I do not know where things will end.
You found yourself another friend.
I do not know why things must end.
Researchers tell us time can bend.
I do not know when things will end.
The plots of all the movies blend.
I do not know how things will end.
I’ve seen the way my white cells trend.
I only know that things must end.
Gail White
LAST SEPTEMBER
The laurel mountainside is dark and bright
in distant woods I will not see this year,
where time was just the pace of day and night.
I reeled the water up in morning light
and called the cardinal flower by its name.
The laurel leaves were polished jewel-bright
along a steep incline, where one could sight
a path unwinding to the sleeping deer,
who keep a different count of day and night.
I wrote my postcards home by lantern light
and greeted darkness by its given name.
There, trees are sharp, the moon, pure white,
and owls arise to greet their working light
as summer constellations reappear
to celebrate the solitude of night,
the cardinal flower and the lantern flame,
the banks of rustling jade. But I am here.
Only in my mind, the laurel’s bright
and time is just the sun and stars and night.
Anne Sheldon
The judge for the quarterly prize for the Spring issue was poet Diana Der Hovanessian.

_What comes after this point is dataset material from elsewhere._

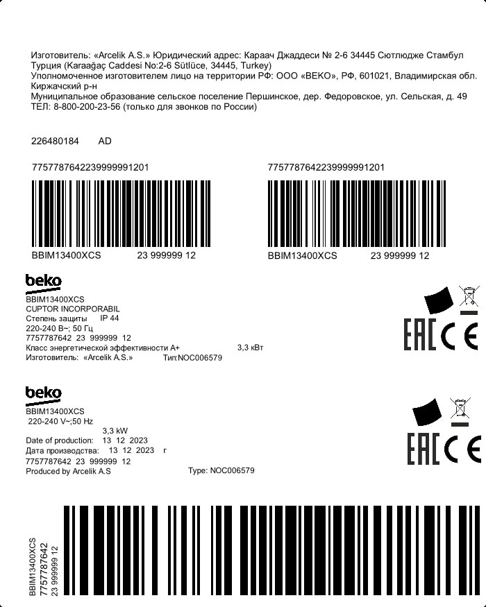 BBIM13400XCS: 60 см 72 л Мультифункциональный Встраиваемый духовой шкаф
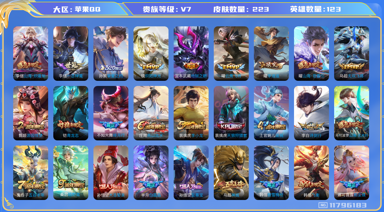 - [11687163]V7 1典藏 8传说 124英雄 268皮肤 可修改实名 优质装备:鸣剑·曳影,猫影幻舞,炽阳神光,地狱火,仲夏夜之梦(大飞蛾) 珍宝阁皮:女武神 限定皮:至尊宝,白虎志(电光耗子),凤求凰(白切鸡),太华(伽罗年限),梅西,武陵仙君(小桃花),时之彼端,神威(电光马子),飞衡(韩信年限),五谷丰年,冰锋战神,梁祝,天狼狩猎者,逐梦之翼,逐梦之星,天狼征服者,天狼绘梦者,逐梦之影,逐梦之光,辉光之辰,一生所爱,大圣娶亲,引擎之心,青春决赛季,冰霜恋舞曲,云端筑梦师,神奇女侠,美猴王 史诗皮:器灵·浮梦炉,化蝶舞,龙之律动,茶境仙,百相守梦-黄忠,紫霞仙子,电玩小子(小书包),白龙吟,黄金分割率,特工魅影,千年之狐,电玩·爆裂旋风,晚萤,末日机甲-吕布,猫狗日记-孙策,节奏热浪,水果甜心,天才门将,星夜王子,心灵骇客,功夫厨神,德古拉伯爵,暗隐猎兽者,幽灵船长,鬼剑武藏,心灵战警,乐园奇幻夜,舞动绿茵,地狱岩魂,繁星吟游(呼啦呼啦),缤纷独角兽,乘风破浪,逐浪之夏,水晶猎龙者,曙光守护者,箭羽风息,金属风暴,原初追逐者,圣诞狂欢,圣诞恋歌,鹰眼统帅,暗夜贵公子,魅力维加斯,黎明之约,赏金猎手,无心,未来纪元-赵云

Her work has appeared widely, in Agni, American Scholar, Nation, and others. She is author of 25 books of poetry and translations, including Dancing at the Monastery, her latest. It was through “dance” she first met the current editors of The Lyric (when their father was editor). Nancy Mellichamp was living in Cambridge assisting flamenco dancer Victorio with his classes in Harvard Square. One warm summer day, Diana was walking in back of the post office and the Spanish music from the open class room door led her to join in, thinking flamenco would be good assertiveness training. Nancy gave her private “catch-up” lessons and soon they were friends and the class was rehearsing and having tea with Diana. Her choice and comments are below.
It was truly difficult to choose just one poem for this issue’s Quarterly prize because there were so many to admire, including several written by friends and writers I have known for years through new England Poetry Club! And those, of course, I could not pick.
My final choice, “An Argument,” grabbed my attention with its first line calling a moth ‘a monstrous thing” ( I too had always found moths repulsive ‘with their hideous bodies.’ But the poet goes on, not repelling, but amusing with his comparisons and his conclusion: that beauty becomes admired not only because of its intrinsic lovely self but also because of contrast with the beastly. And the poet, David Nolta, does it, writes it, in witty, elegant couplets.
AN ARGUMENT
Up close, and still, a moth’s a monstrous thing,
But in the air a gorgeous fluttering.
Likewise am I (no! please don’t turn around!)
Best glimpsed in motion, in the middle ground,
Or, like an octopus or elephant,
In a more natural environment
Than this poor cage of lines, cramped and ill-read,
No more at home than they’d be in a bed.
And so, before you brush me off your sleeve,
Order me out, or bring me down, and leave,
Consider (from as many points of view
As I’ve considered with regard to you)
Where best I might be kept in your relation
In order to enhance your estimation.
Please choose this use for me, whom you despise
For all my looks---tusks, tentacles, and eyes:
You’ll find all find you lovelier looking at
(With pity false or true) the beast. And that
Is how the monster knows himself to be,
And what he knows: no beauty without me.